Kane Williamson has made a career out of proving those who write him off in T20s. He tends to not start the season for Sunrisers Hyderabad, but ends up being a key player by the end of it. While Sunrisers began once again without Williamson in the XI, there was no underestimation of his talents this time. It was ring rust that led to his being left out.

Williamson came into the IPL off the back of an elbow injury that ruled him out of the ODI series against Bangladesh. In his last competitive appearances, more than a month ago, he endured a string of three single-digit scores against Australia. His replacement, Jonny Bairstow, meanwhile came off a fruitful ODI series against India in similar conditions.

“Yeah we just felt that Kane needs a little bit of extra time to get his match fitness,” Sunrisers coach Trevor Bayliss said. “A little bit more time in the nets. He would have played in place of Jonny Bairstow if that would have occurred. But we weren’t too perturbed about that. Jonny has been in form obviously recently in white-ball cricket here in India. And obviously showed in how he batted well tonight.

“Kane will obviously certainly come into calculations as the tournament unfolds.”

Bairstow scored a 32-ball fifty to keep Sunrisers alive in a tall chase, but his dismissal with 86 to get in seven overs just about ended the game for Sunrisers. Abdul Samad raised some hopes for them with an eight-ball 19, which led to the question if Samad is getting enough time to bat for Sunrisers and if he should have come in ahead of Vijay Shankar.

“Hindsight is always a wonderful thing, you know,” Bayliss said. “It is easy to sit back here after the fact but Vijay, in the practice matches that we had, was our best player. He struck the ball beautifully. In one of the games he got 95. He hit a lot of the balls long way over the fence. Look it’s always difficult in those situations when you go in and have to pretty much go from the first ball you face. Samad, in a short space of time last IPL and this one, has shown he has got a lot of talent and he is a clean striker of the ball. I think as he gets more experienced he will get more opportunity.”

With his effectiveness against spin, Bairstow might have earned a bit of a rope before Williamson is brought back into the side. For the moment, Bairstow will be kept in the middle order with Wriddhiman Saha having earned a place at the top.
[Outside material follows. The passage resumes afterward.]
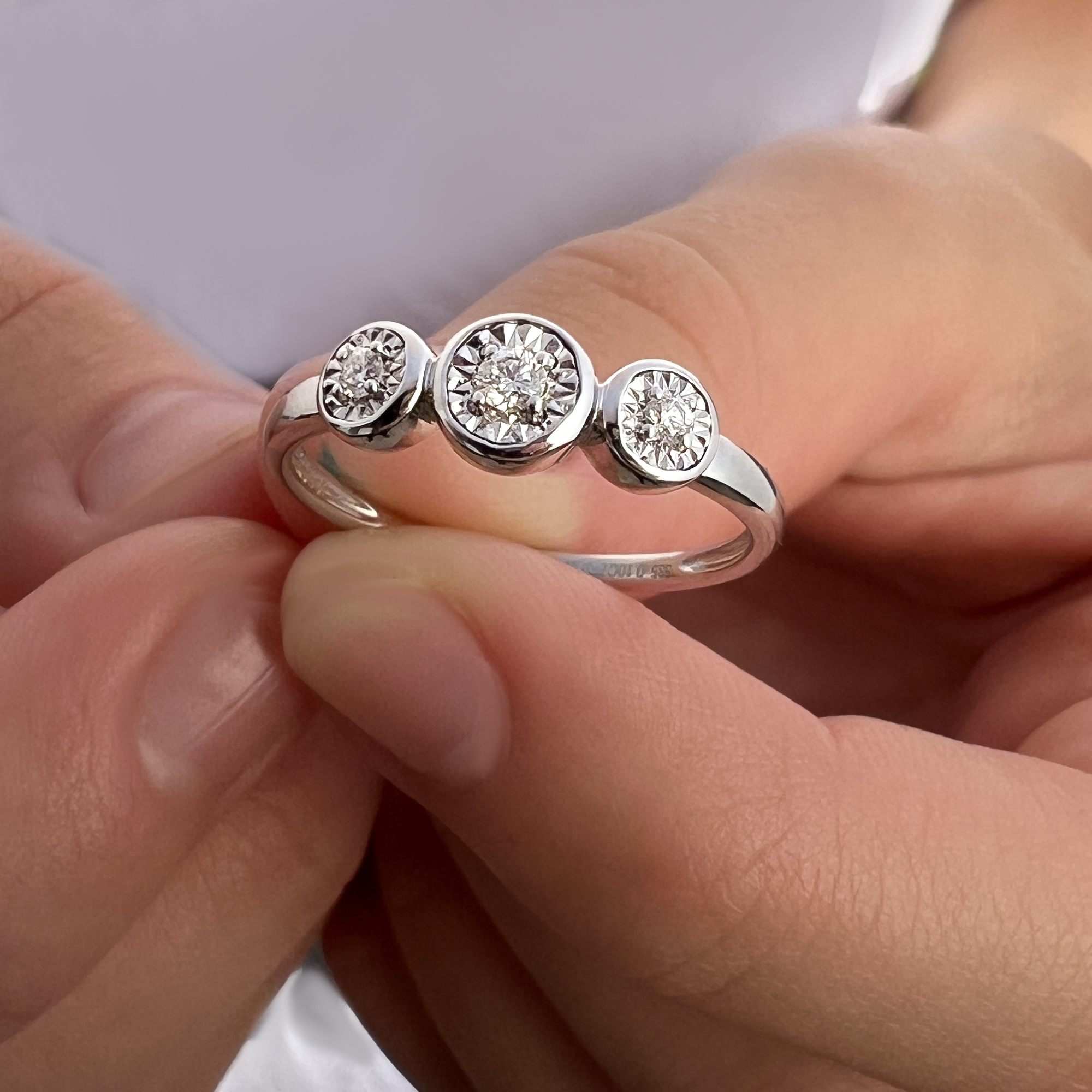 3 přírodní diamanty o celkové váze 0.10 ct kvality Si1 barvy bílé G. Briliantový brus.

“At the moment what we want to do is reward the guys that finished the tournament off last year,” Bayliss said. “We got off to a slow start last year but we came home very well to make the playoffs. Someone like Saha opening the batting and batting so well in the tournament. We felt we’d reward the guys that finished it off so well last year. Obviously depending on fitness and form and that kind of thing, we know Jonny can open the batting and keep wicket as well. It gives us a few options but he has done well at No. 4 for England just recently.”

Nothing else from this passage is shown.